Other Parties? Whoops!

Well, Judith Miller is no longer spreading neo-crazy lies and misleading statements on the front page of the New York Times. However, David Sanger is still on the job:

"The Bush administration and three European allies have approved a new offer to be made to Iran in a last-ditch effort to head off a confrontation over its suspected nuclear weapons program.

"The proposal was discussed at length on Tuesday during a meeting between Secretary of State Condoleezza Rice and Mohamed ElBaradei, the director general of the International Atomic Energy Agency, the United Nations’ nuclear monitoring agency, said officials who described their conversation.

"Dr. ElBaradei, who won the Nobel Peace Prize this year, will take the proposal to Iran on behalf of Britain, Germany, France, and the United States, the officials said."

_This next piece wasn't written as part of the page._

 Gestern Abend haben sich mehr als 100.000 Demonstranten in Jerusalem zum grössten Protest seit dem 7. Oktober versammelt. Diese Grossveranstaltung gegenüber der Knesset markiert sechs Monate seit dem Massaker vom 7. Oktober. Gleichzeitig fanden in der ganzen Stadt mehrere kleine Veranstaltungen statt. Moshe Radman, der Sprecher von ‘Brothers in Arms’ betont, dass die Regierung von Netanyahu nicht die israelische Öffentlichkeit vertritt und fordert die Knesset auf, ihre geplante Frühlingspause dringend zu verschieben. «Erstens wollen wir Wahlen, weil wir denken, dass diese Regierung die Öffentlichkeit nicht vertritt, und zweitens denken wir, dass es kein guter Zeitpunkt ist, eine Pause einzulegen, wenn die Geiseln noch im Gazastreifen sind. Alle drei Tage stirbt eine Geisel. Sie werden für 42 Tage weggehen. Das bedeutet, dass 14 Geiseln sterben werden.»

Sanger’s report on what U.S. “officials” said was immediately contradicted by Condoleezza Rice.

"Let me make a few comments about the story that was there this morning. The first thing is there is no U.S.-European proposal to the Iranians.

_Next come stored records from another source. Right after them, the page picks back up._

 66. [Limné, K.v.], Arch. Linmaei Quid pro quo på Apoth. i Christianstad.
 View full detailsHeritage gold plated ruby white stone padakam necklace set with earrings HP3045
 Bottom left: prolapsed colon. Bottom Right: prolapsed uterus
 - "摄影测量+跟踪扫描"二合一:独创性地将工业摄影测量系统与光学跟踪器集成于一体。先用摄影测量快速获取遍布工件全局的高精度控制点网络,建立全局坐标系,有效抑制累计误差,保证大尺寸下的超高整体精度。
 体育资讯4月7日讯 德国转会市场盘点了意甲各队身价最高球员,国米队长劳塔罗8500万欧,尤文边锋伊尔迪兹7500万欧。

"I want to say that categorically!

"There isn’t and there won’t be!

"We are doing what we have been doing for some time, which is keeping our partners – our diplomatic partners are keeping us apprised of their thinking about the future of their negotiations with the Iranians."

Whoops! Keeping our partners apprised?

"We are not parties to these negotiations and we don’t intend to become parties to the negotiation!"

Did you get that?

We are not now, never have been, and don’t intend to be a “party” to the Paris negotiations!

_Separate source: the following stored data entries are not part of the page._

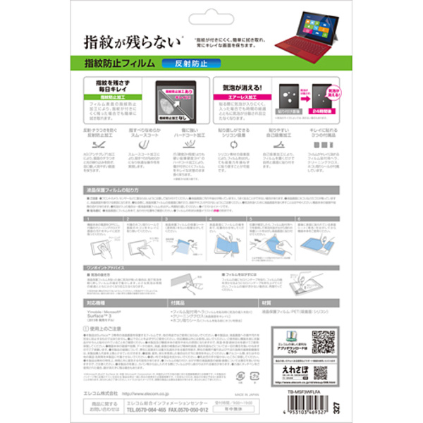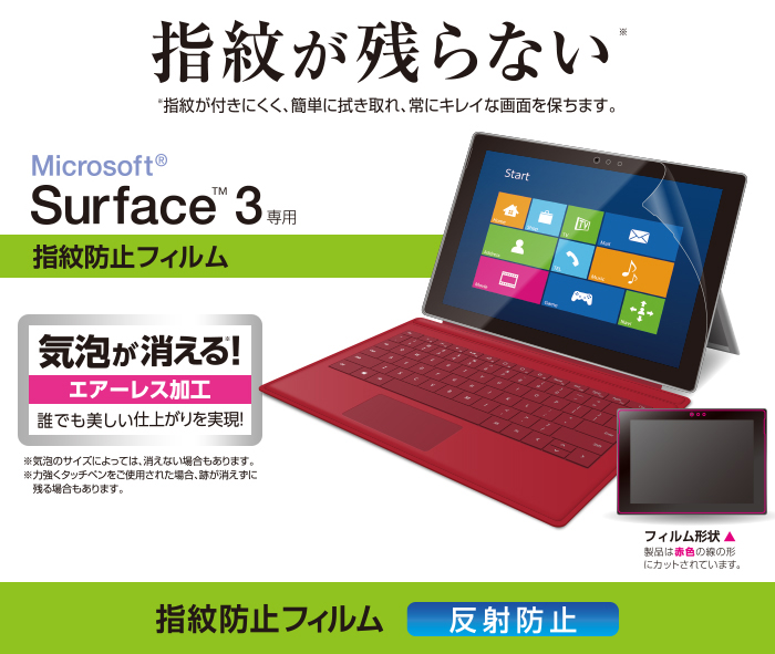 - Microsoft(R) Surface(TM) 3の液晶画面を傷や汚れから守る、指紋防止・反射防止タイプの液晶保護フィルムです。
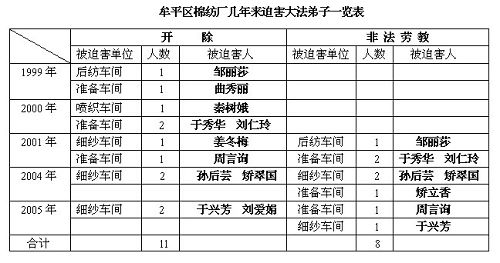 类似于秀华的遭遇,在棉纺厂绝不是个别案例,几年来,都本仁积极配合当地迫害法轮功的专门机构610办公室,指使爪牙林爱国等人不断的对其厂的大法弟子进行骚扰迫害,小则威胁恐吓、大则绑架关押,多人因不堪其辱,或辞职回家,或搬出棉纺厂。据不完全统计,从99年迫害开始至今,已有十多名棉纺职工因信仰“真、善、忍”做好人而遭到开除或非法劳教。就在2006年4月,又传出一名大法弟子,细纱车间的姚永华被绑架……
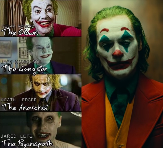 Vốn là phản diện của Batman nổi tiếng, Joker đã dần có một chỗ đứng riêng khi sở hữu tính cách nội tâm đặc biệt phức tạp và sự điên loạn đến rợn người. Trước bộ phim riêng Joker (2019) do Joaquin Phoenix thủ vai chính, màn ảnh rộng đã chứng kiến 4 phiên bản gã hề khác nhau do Caesar Romero, Jack Nicholson, Heath Ledgervà Jared Leto thủ vai.
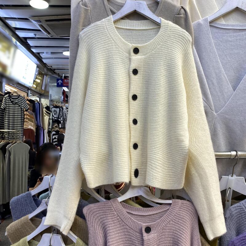 [EWQ] グレーセータージャケットシングルブレスト長袖ルーズカーディガンコート秋冬服 16U4713 ロング オータム 秋物 ウィンター 冬物
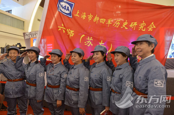 图片说明:数十位身穿新四军军装的上海市新四军历史研究会六师(苏南)研究分会的老人们来到现场为新书宣传造势。

You know – the negotiations wherein the EU3 has undertaken to provide the Iranians “objective guarantees” that the EU3 will no longer be intimidated by the United States, and that the EU3 will ensure that Iran’s “inalienable” right under the Treaty on Nonproliferation of Nuclear Weapons to the “production and use of nuclear energy for peaceful purposes without discrimination” will be respected.

But then Condi went on to say:

"But I don’t want to get any further into details about what may be being contemplated by other parties to the negotiations – by the parties to the negotiations."

Whoops! Other parties to the negotiations?

So who is telling the truth – Sanger or Condi?

Of course, even if Sanger is telling the truth, he’s not telling the whole truth.

In particular, Sanger has never reported on the offer the Iranians made to the EU last March to voluntarily “confine” their nuclear activities.

In particular, the Iranians offered to forego indefinitely the chemical processing of spent fuel to recover unspent uranium and plutonium.

The Iranians also offered to limit their uranium-enrichment activities to those required to meet the contingency requirements of Iran’s power reactors. (In other words, if we prevent the Russians from providing new fuel for the power reactor they are building at Bushehr – as we have already done for Russian-built reactors in India – the Iranians want to be able to produce their own fuel.)

Finally, the Iranians offered to submit to “continuous on-site presence of IAEA inspectors at the conversion and enrichment facilities to provide unprecedented added guarantees.”

The Iranian offer was made, confidentially, to the EU3 on March 23, 2005.

Of course, “our diplomatic partners” have been “keeping us apprised” with respect to their confidential negotiations with the Iranians (to which we are not a party).

But Sanger didn’t tell us about the confidential Iranian offer, much less the substance of it.

When the Iranians got no response to their offer – nor an offer on the part of the EU3 – the Iranians went public [.pdf], announcing on Aug. 1, 2005, the “phased” implementation of the “confined” uranium-enrichment program set out in their March proposal.

Sanger still didn’t tell us the substance of the March proposal, now made public.

But on Aug. 9, the EU3 responded [.pdf] as follows:

"We do not believe that Iran has any operational need to engage in fissile material production activities of its own, nor any other reason to resume [UF-6 production] activity at Esfahan, if the intentions of its nuclear program are exclusively peaceful."

That, by coincidence, is Condi’s belief, too:

"I think it’s fair to say that we would be very concerned if the Iranians were left with stockpiles of UF-6 that could be used in nuclear weapons. But I don’t want to get any further into details about what may be being contemplated by other parties to the negotiations – by the parties to the negotiations."

Other parties? Whoops!

Author: Gordon Prather

Physicist James Gordon Prather has served as a policy implementing official for national security-related technical matters in the Federal Energy Agency, the Energy Research and Development Administration, the Department of Energy, the Office of the Secretary of Defense and the Department of the Army. Dr. Prather also served as legislative assistant for national security affairs to U.S. Sen. Henry Bellmon, R-Okla. -- ranking member of the Senate Budget Committee and member of the Senate Energy Committee and Appropriations Committee. Dr. Prather had earlier worked as a nuclear weapons physicist at Lawrence Livermore National Laboratory in California and Sandia National Laboratory in New Mexico.